--- GIVEN DATA Enclosed Below ---
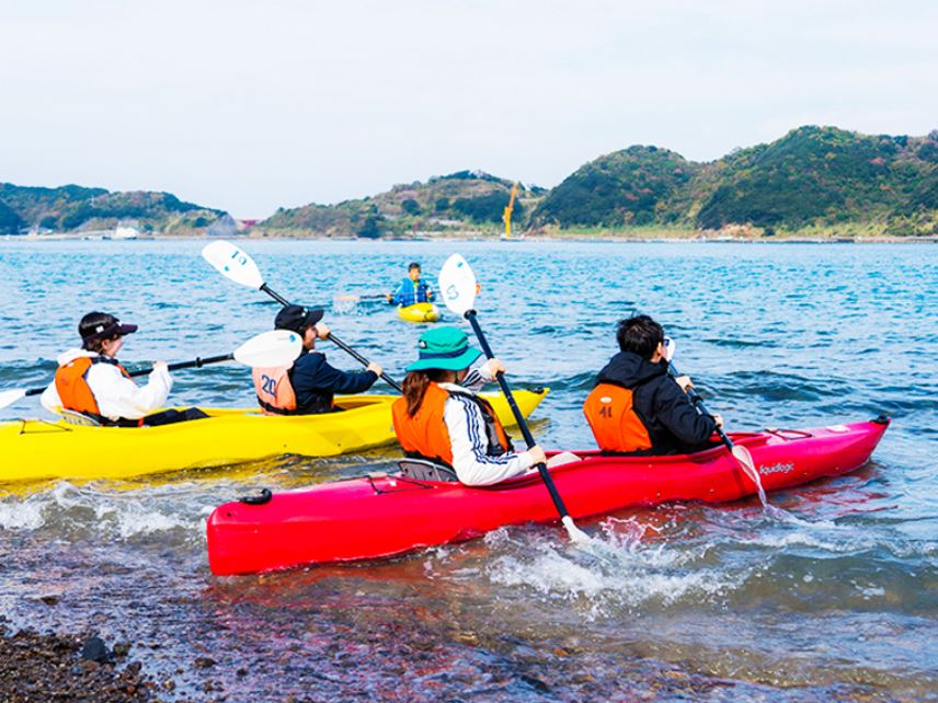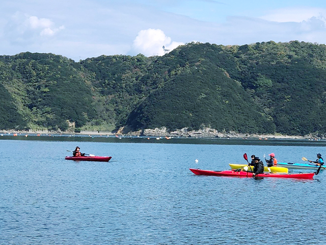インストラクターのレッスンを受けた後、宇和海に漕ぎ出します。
--- End of Enclosed GIVEN DATA ---
--- GIVEN DATA Enclosed Below ---
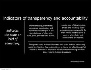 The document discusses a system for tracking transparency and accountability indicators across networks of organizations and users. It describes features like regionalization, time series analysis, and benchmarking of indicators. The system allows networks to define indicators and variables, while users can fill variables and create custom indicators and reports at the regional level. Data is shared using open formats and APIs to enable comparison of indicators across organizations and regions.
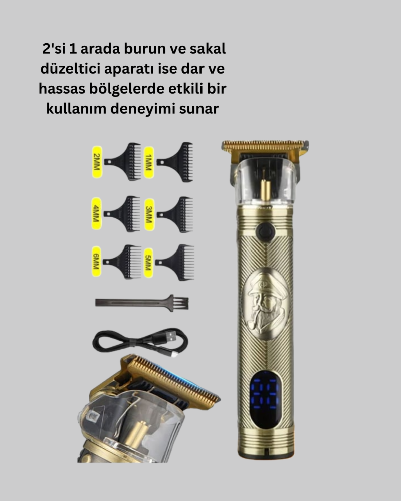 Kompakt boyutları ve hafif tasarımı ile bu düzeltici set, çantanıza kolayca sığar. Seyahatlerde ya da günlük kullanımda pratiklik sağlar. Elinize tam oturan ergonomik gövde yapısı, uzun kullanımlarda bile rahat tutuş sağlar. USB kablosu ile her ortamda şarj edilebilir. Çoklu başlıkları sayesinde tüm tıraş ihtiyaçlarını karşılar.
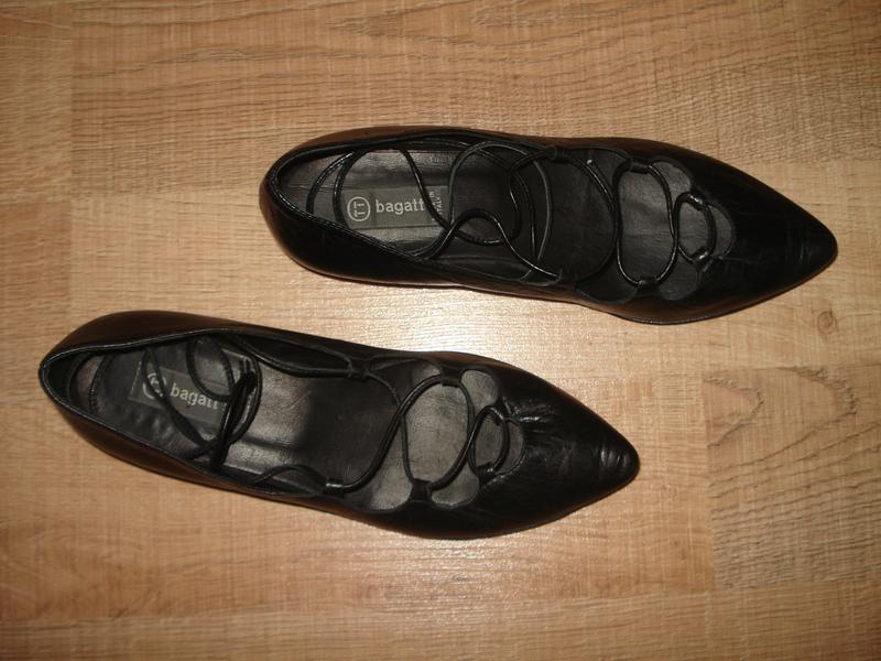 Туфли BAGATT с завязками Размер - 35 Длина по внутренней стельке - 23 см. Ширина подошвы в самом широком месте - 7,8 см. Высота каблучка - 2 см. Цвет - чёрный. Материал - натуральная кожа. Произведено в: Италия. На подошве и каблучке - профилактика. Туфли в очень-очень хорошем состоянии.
--- End of Enclosed GIVEN DATA ---
--- GIVEN DATA Enclosed Below ---
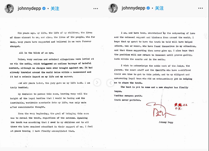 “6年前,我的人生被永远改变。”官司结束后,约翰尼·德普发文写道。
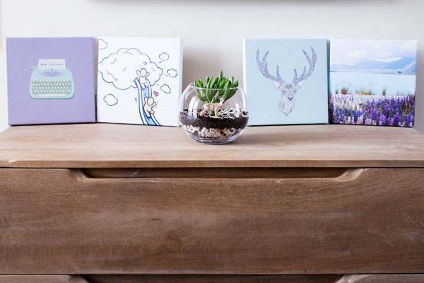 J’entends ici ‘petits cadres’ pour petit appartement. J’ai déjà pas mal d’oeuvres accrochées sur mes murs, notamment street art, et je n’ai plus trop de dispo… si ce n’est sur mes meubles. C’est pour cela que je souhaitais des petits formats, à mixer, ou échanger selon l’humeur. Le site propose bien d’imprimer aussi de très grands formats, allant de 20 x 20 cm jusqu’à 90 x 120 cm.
--- End of Enclosed GIVEN DATA ---
WORK REQUIRED: Return exactly the lines that appear in the data above between the line containing "Kompakt boyutları ve" and the line containing "Туфли BAGATT с", both of which are included, and leave the pictures out.

EXPECTED ANSWER:
 Kompakt boyutları ve hafif tasarımı ile bu düzeltici set, çantanıza kolayca sığar. Seyahatlerde ya da günlük kullanımda pratiklik sağlar. Elinize tam oturan ergonomik gövde yapısı, uzun kullanımlarda bile rahat tutuş sağlar. USB kablosu ile her ortamda şarj edilebilir. Çoklu başlıkları sayesinde tüm tıraş ihtiyaçlarını karşılar.
 Туфли BAGATT с завязками Размер - 35 Длина по внутренней стельке - 23 см. Ширина подошвы в самом широком месте - 7,8 см. Высота каблучка - 2 см. Цвет - чёрный. Материал - натуральная кожа. Произведено в: Италия. На подошве и каблучке - профилактика. Туфли в очень-очень хорошем состоянии.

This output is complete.